The teachers’ beliefs and attitudes towards mathematics are some of the major points that researchers must target in determining their role in raising teacher effectiveness levels in the handling of mathematics as a subject. Wilkins (2008) notes that the knowledge of the teacher and the attitudes, expectations, and beliefs that s/he may hold, play a significant function in influencing the teacher’s instructional practice. Studies indicate that teachers with low opinions or negative attitudes about mathematics end up using traditional instructional methods, which are essentially teacher-directed (Brown, 2012; Swars, 2005; Ediger, 2012).

Conclusion

The most powerful indicator that can be used in the evaluation of teacher effectiveness is self-efficacy. Self-efficacy for mathematics teachers is critical to the overall success and well-being of the global economy due to its contribution to nation-building and global safety. Therefore, it is critical for math teachers to be prepared to handle classroom dynamics that will eventually improve the students’ achievement. At a national level, mathematics teachers are at the center of the implementation of instructional practices that are not only effective but also good professional practices impacted by the high and positive self-efficacy of mathematics teachers. As such, the importance of the self-efficacy construct cannot be overemphasized if the success of mathematics teachers and students is to be maintained.

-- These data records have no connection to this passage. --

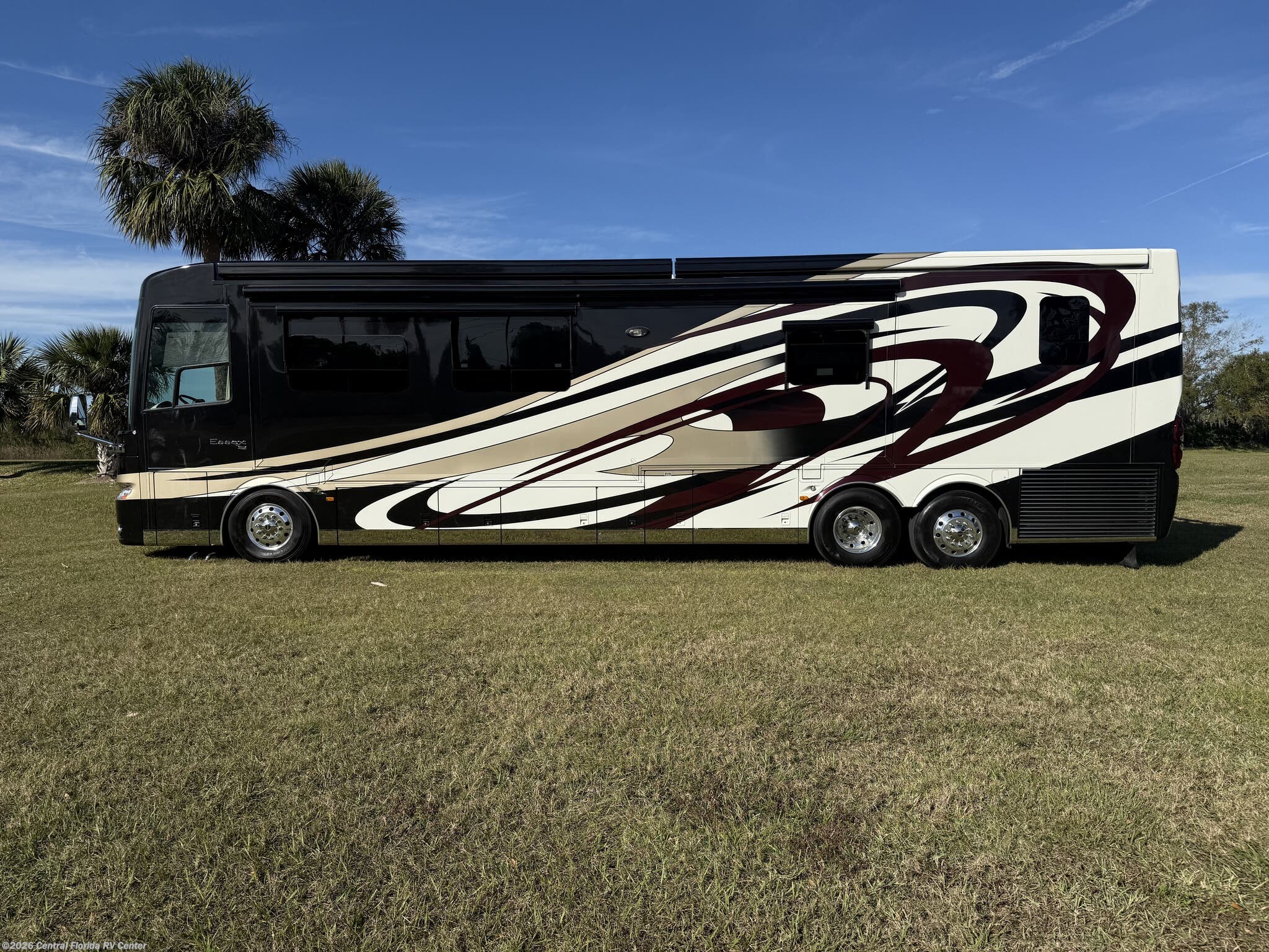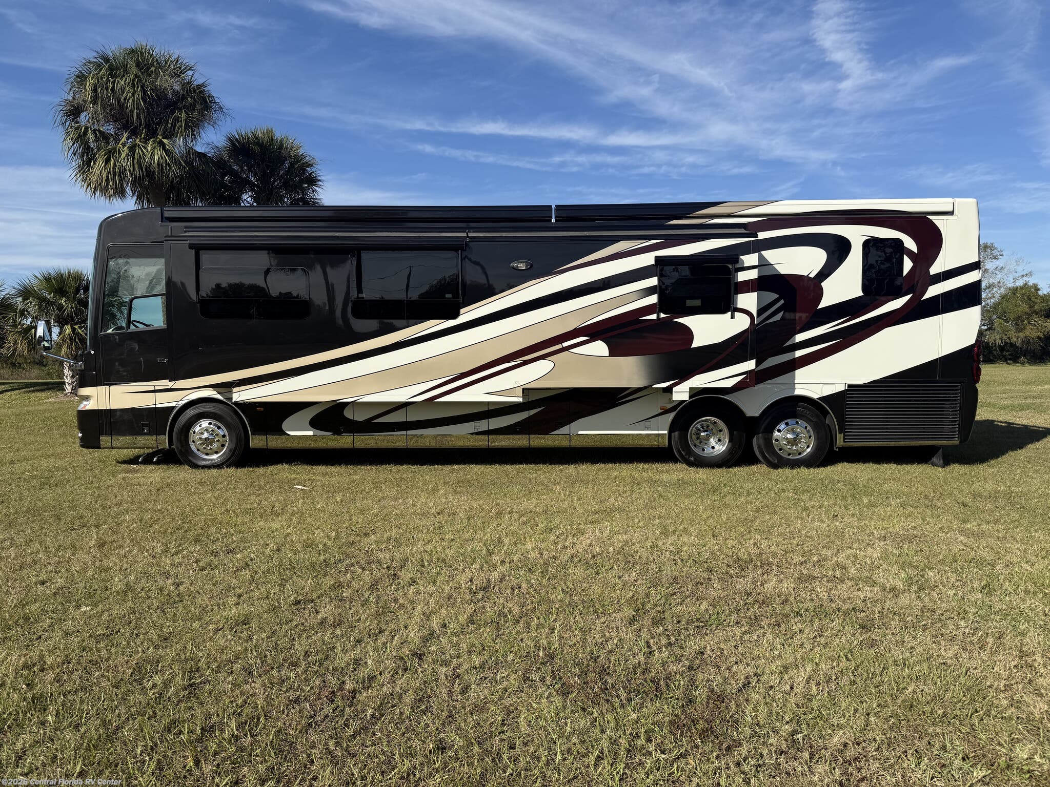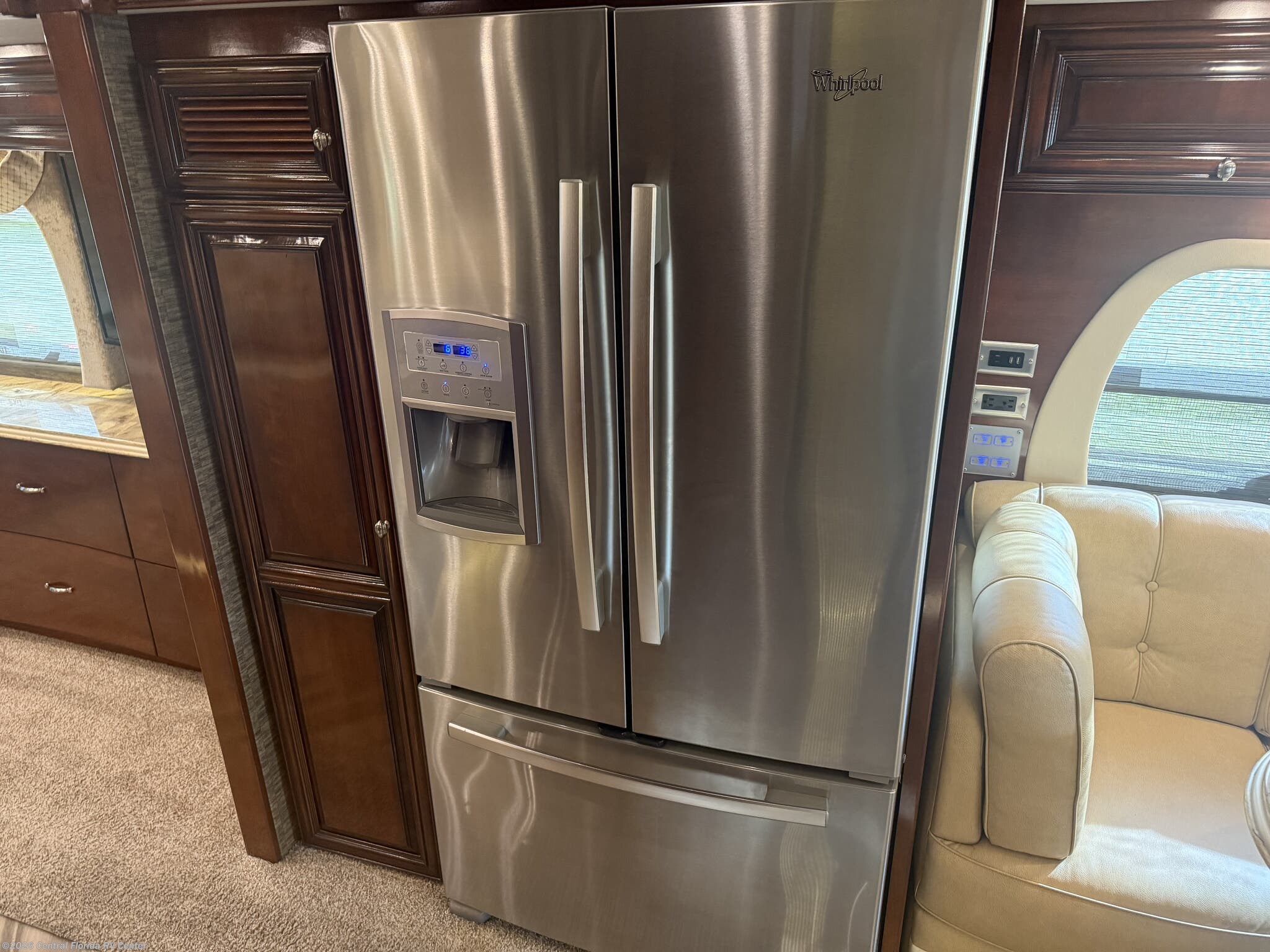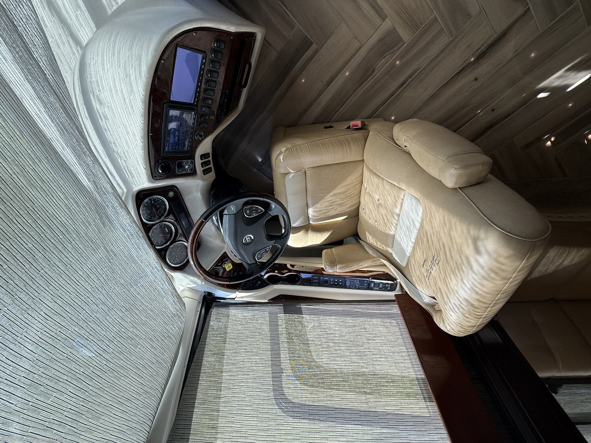 She looks stunning with her custom Poppy FBP, Dune interior, special order Ginger Glazed Maple Hi-Gloss Cabinets, stainless steel trim and Alcoa Dura-Brite aluminum wheels with Michelin tires that have less than 5,000 miles on them.
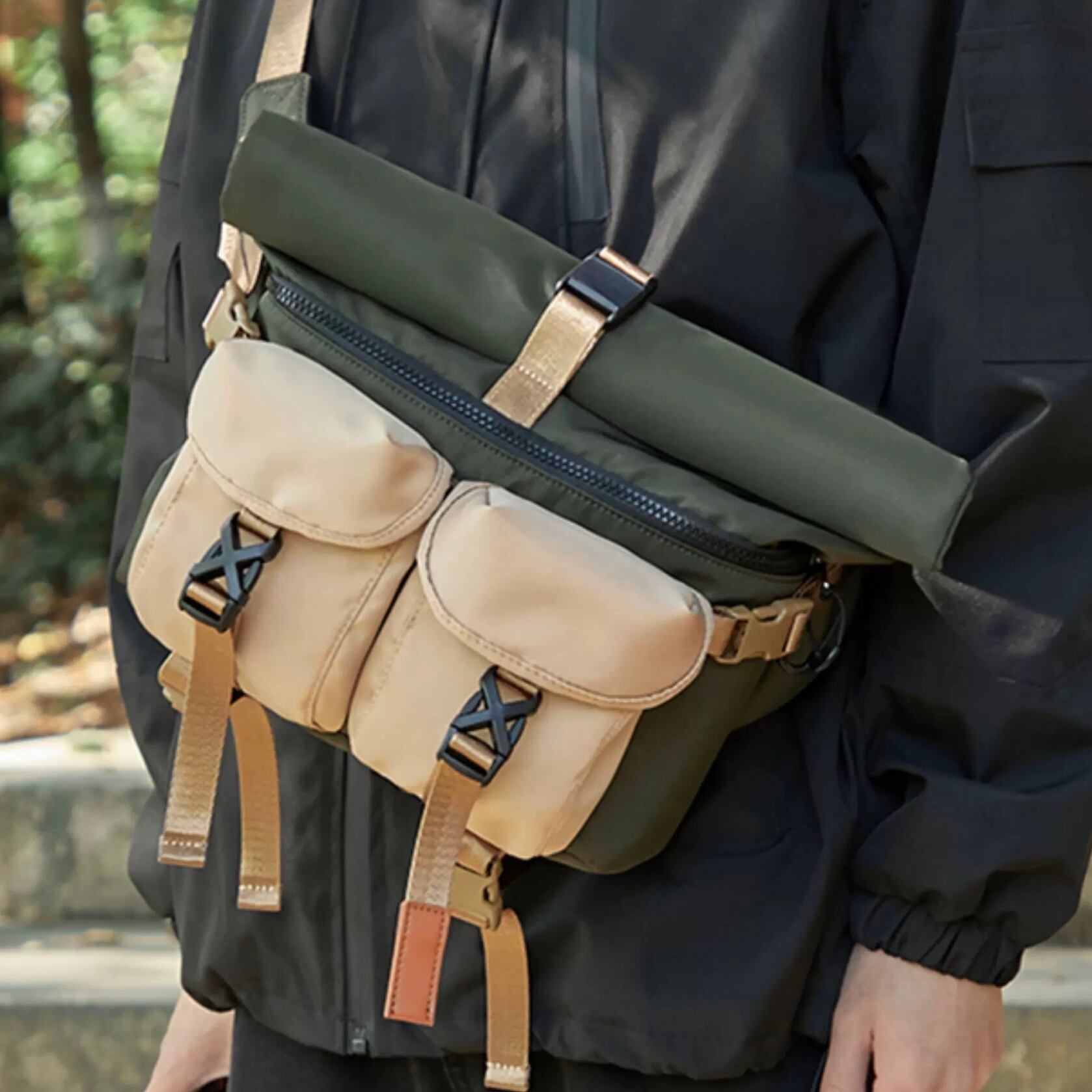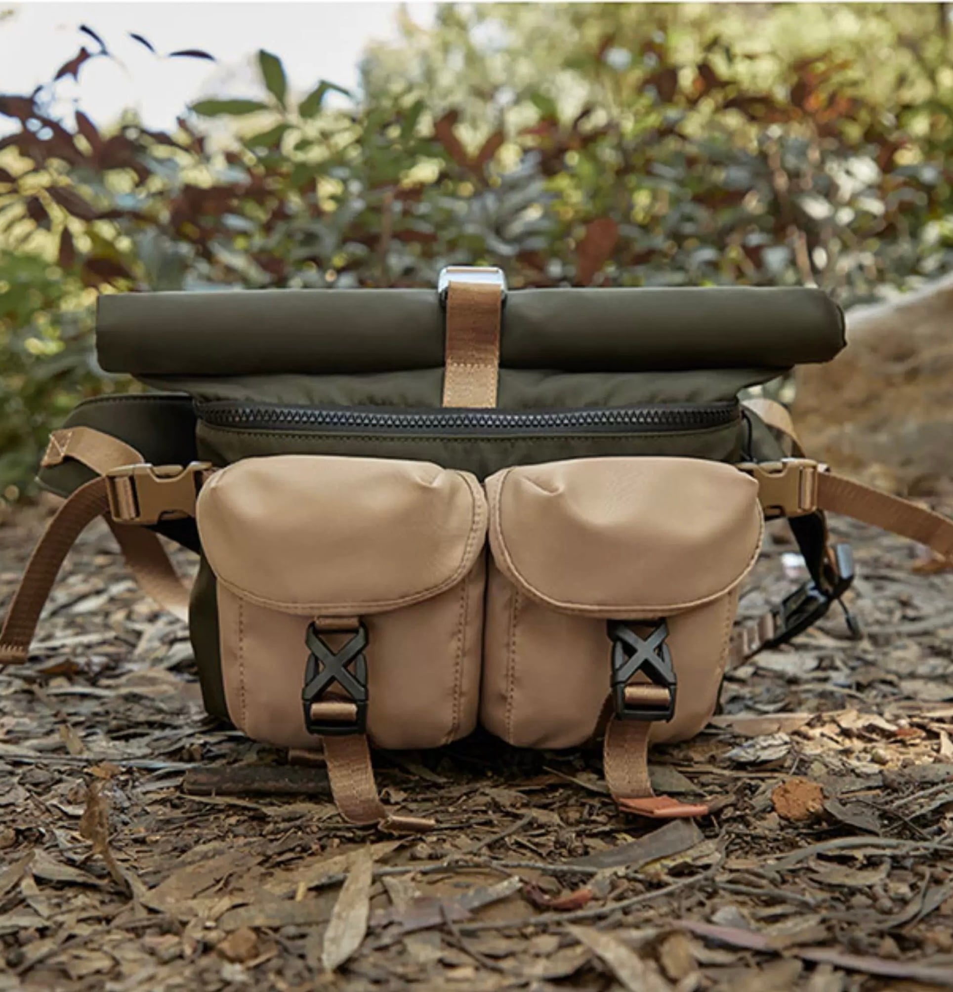 トップ部分はロール仕様で容量調整ができ、荷物の多い日やアウトドアシーンにも柔軟に対応します。
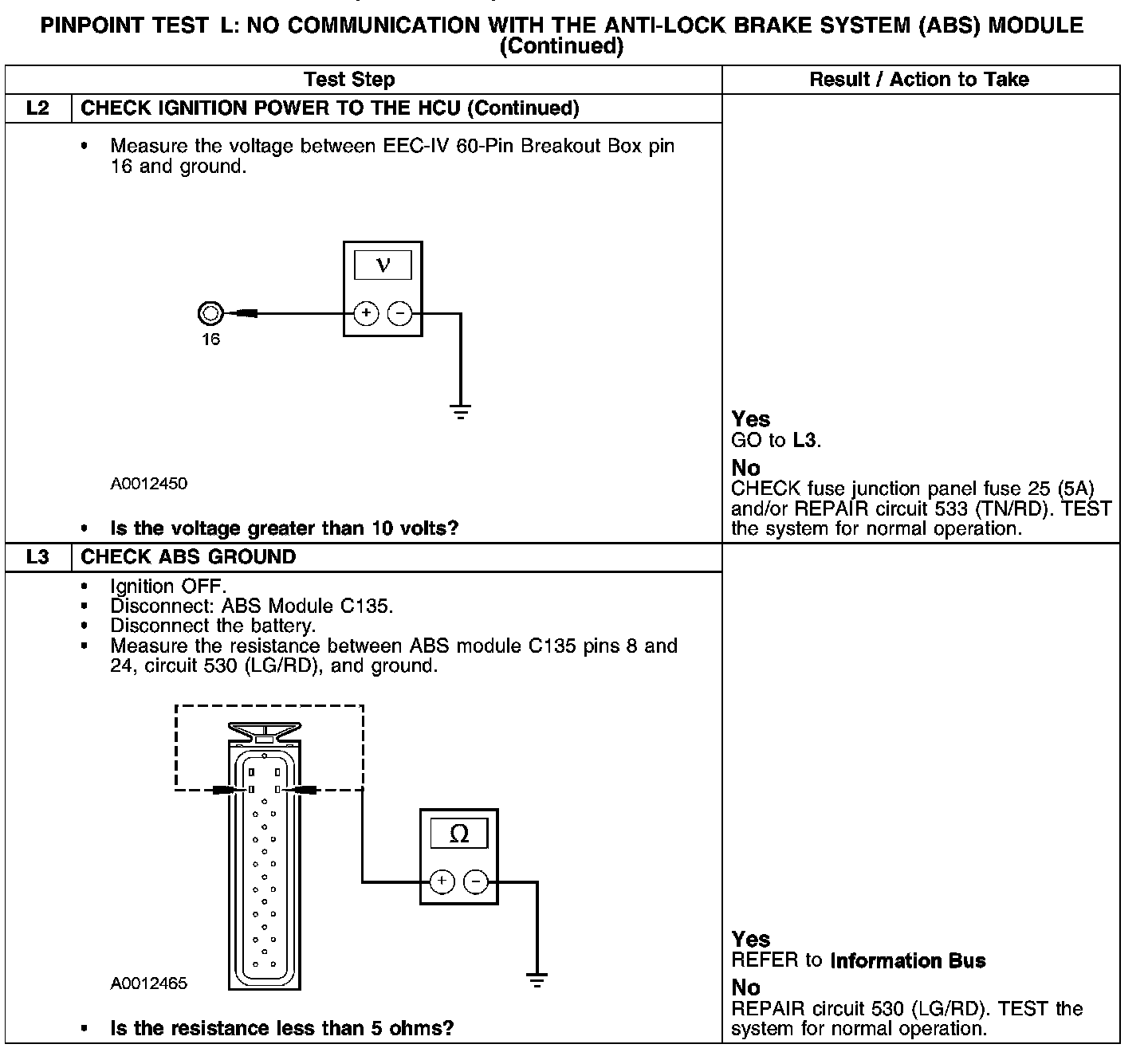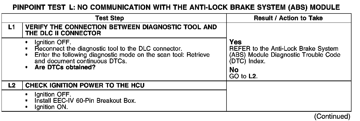 PINPOINT TEST L: NO COMMUNICATION WITH THE ANTI-LOCK BRAKE CONTROL MODULE
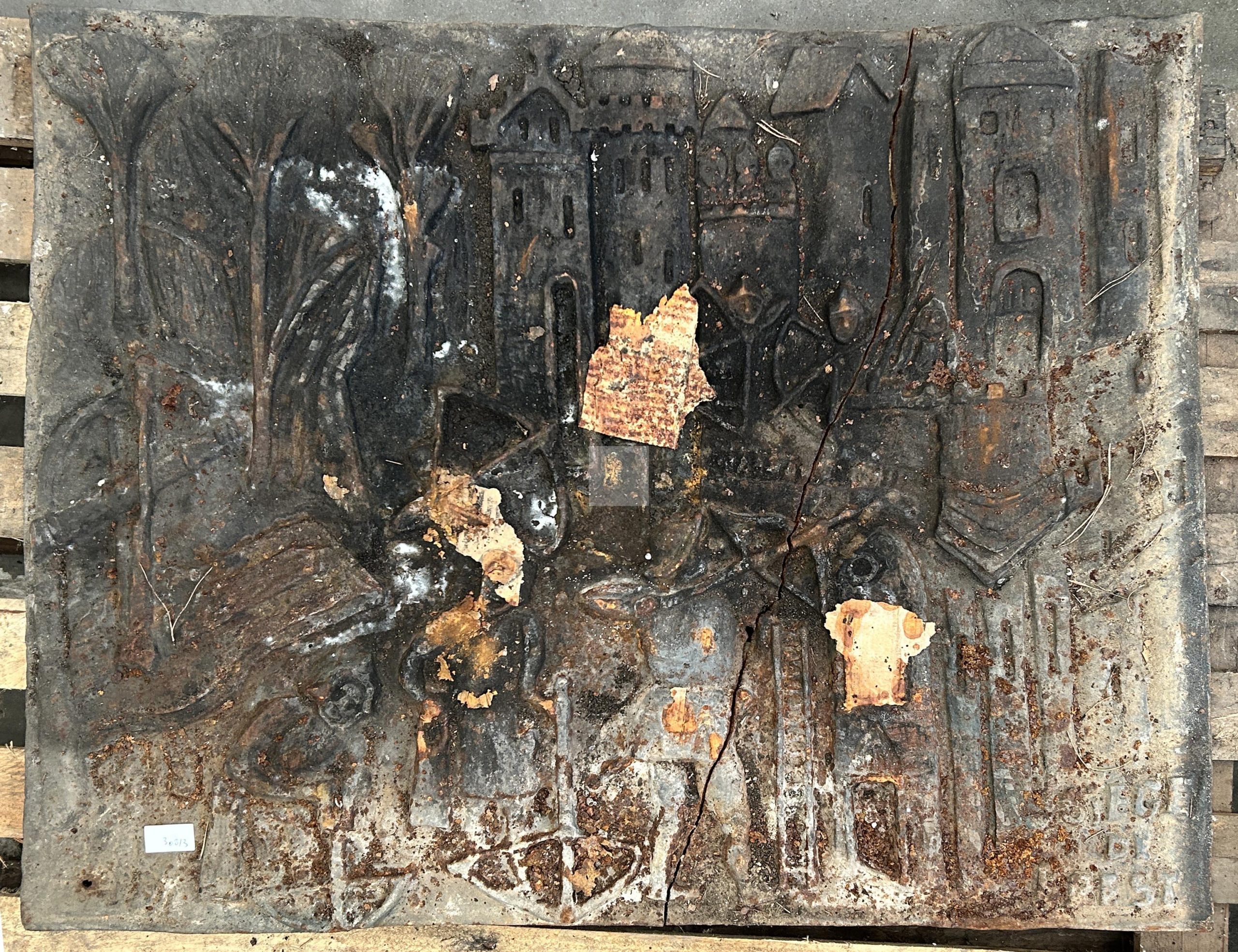 308 Lot de trois plaques de cheminée en fonte de fer, à décor de scènes mythologiques ou scènes d’attaque de château (Possiblement Siège de Brest de 1386), certaines fracturées. Usures (rouille). 80×94, 73.5×93.5 et 87×112.5 cm.

In this study, the source of motivation has been the teaching environment and the motivation derived from the actual teaching experience and the success of the students. This aspect means that the teacher evaluators and motivators should shift their focus from judging the teachers’ efficacy solely by their academic and training achievements to considering the success indicators derived from the actual teaching experience. These sentiments have been explained through theoretical studies of cognitive psychology and social cognition. In these theories, self-efficacy has been related directly to teacher efficacy as an important educational research element.